4. Antijen sunumu:Bozunma süreci sırasında makrofaj, bağışıklık sistemi tarafından tanınabilen küçük moleküller olan patojenin antijenlerini parçalar ve işler. Bu işlenmiş antijenler daha sonra makrofajın hücre yüzeyinde ana doku uyumluluk kompleksi (MHC) molekülleri ile birlikte görüntülenir. Antijenlerin bu sunumu, T lenfositleri gibi diğer bağışıklık hücrelerinin patojeni tanımasına ve ona yanıt vermesine olanak tanır.
5. Efektör fonksiyonları:Sunulan antijenler tarafından aktive edildikten sonra, T lenfositleri ve diğer bağışıklık hücreleri, patojeni daha da ortadan kaldırmak için çeşitli efektör fonksiyonlarını ortaya çıkarabilir. Bu, enfeksiyon bölgesine ek bağışıklık hücreleri toplayan sitokinlerin ve kemokinlerin salınmasının yanı sıra enfekte hücrelerin doğrudan öldürülmesini de içerebilir.

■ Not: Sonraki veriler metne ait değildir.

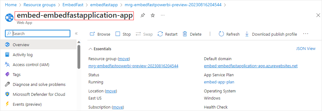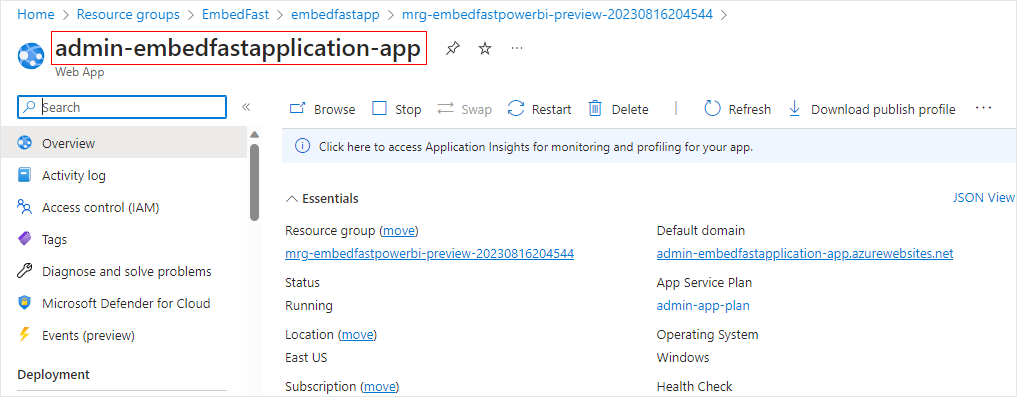 7. Alternatively, clicking the app's name takes you to its summary page where you can also see the admin web app name in a larger font.&#x20;
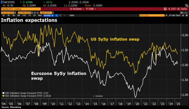 Neben der Erwartung betreffend die zeitnahe Inflationsentwicklung, wird am Markt (mittels SWAP) auch die künftige Inflationserwartung gepreist. Ein bekannter Indikator ist die sogenannte 5Y5Y-Inflationserwartung - somit die Erwartung über die künftige Inflation in 5 Jahren für die dann nächsten 5 Jahre. Auch diese sinkt derzeit und weist für den US-Raum 2,36% und für den EUR-Raum 2,03% (und somit eine Punktlandung für das EZB Ziel) aus. |
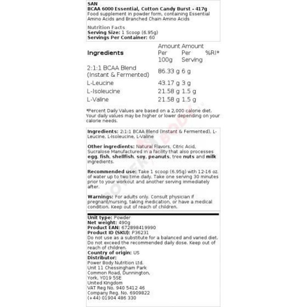 | الاسم التجاري | مختلف، بما في ذلك BCAA 5000 وXtend وMussclePharm BCAA |
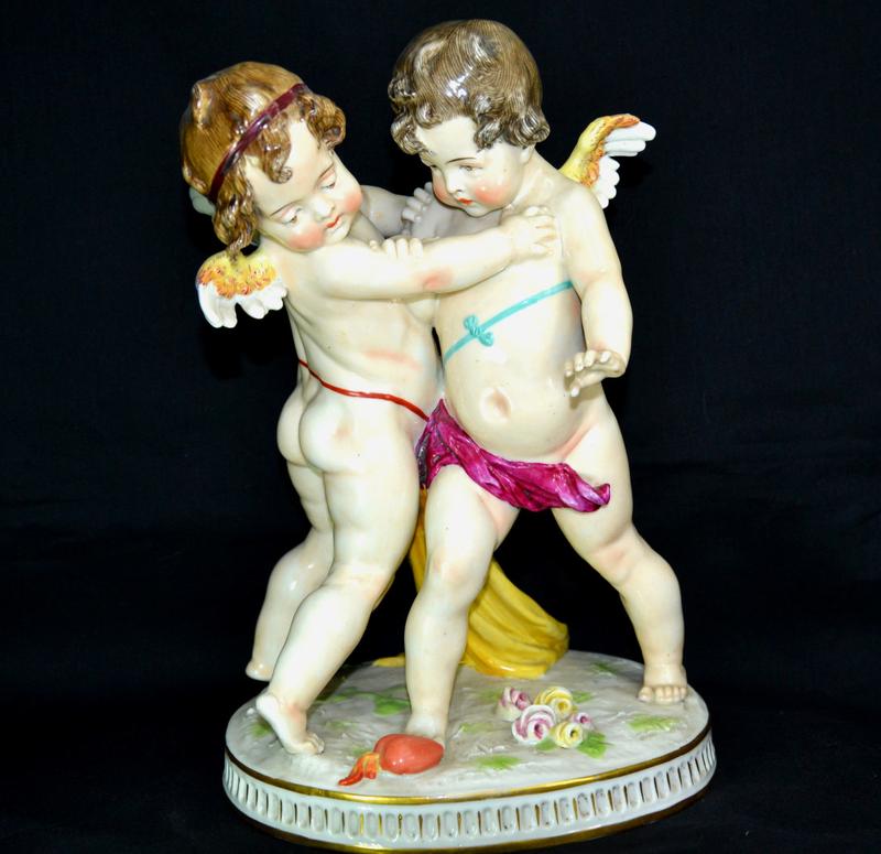 Композиция «Амуры, борющиеся за сердце» Конец XIX, Германия, Людвигсбург. Фарфор. По модели Жана Батиста Пигаля. Идеальное состояние. Высота 27см.

6. Temizleme:Patojen parçalandıktan sonra, kalıntılar ve hücresel kalıntılar sonunda makrofaj tarafından ekzositoz veya diğer hücresel işlemler yoluyla uzaklaştırılır. Bu, enfeksiyonun temizlenmesine ve doku homeostazisinin yeniden sağlanmasına yardımcı olur.
Makrofajların patojenleri sindirme, öldürme ve işleme yeteneği, vücudun enfeksiyonlara karşı savunması için gereklidir. Bu hücreler, istilacı mikroorganizmalara karşı ilk savunma hattı olarak hareket ederek ve enfeksiyonu ortadan kaldırmak için sonraki bağışıklık tepkilerini başlatarak hem doğuştan hem de edinilmiş bağışıklık yanıtlarında kritik bir rol oynar.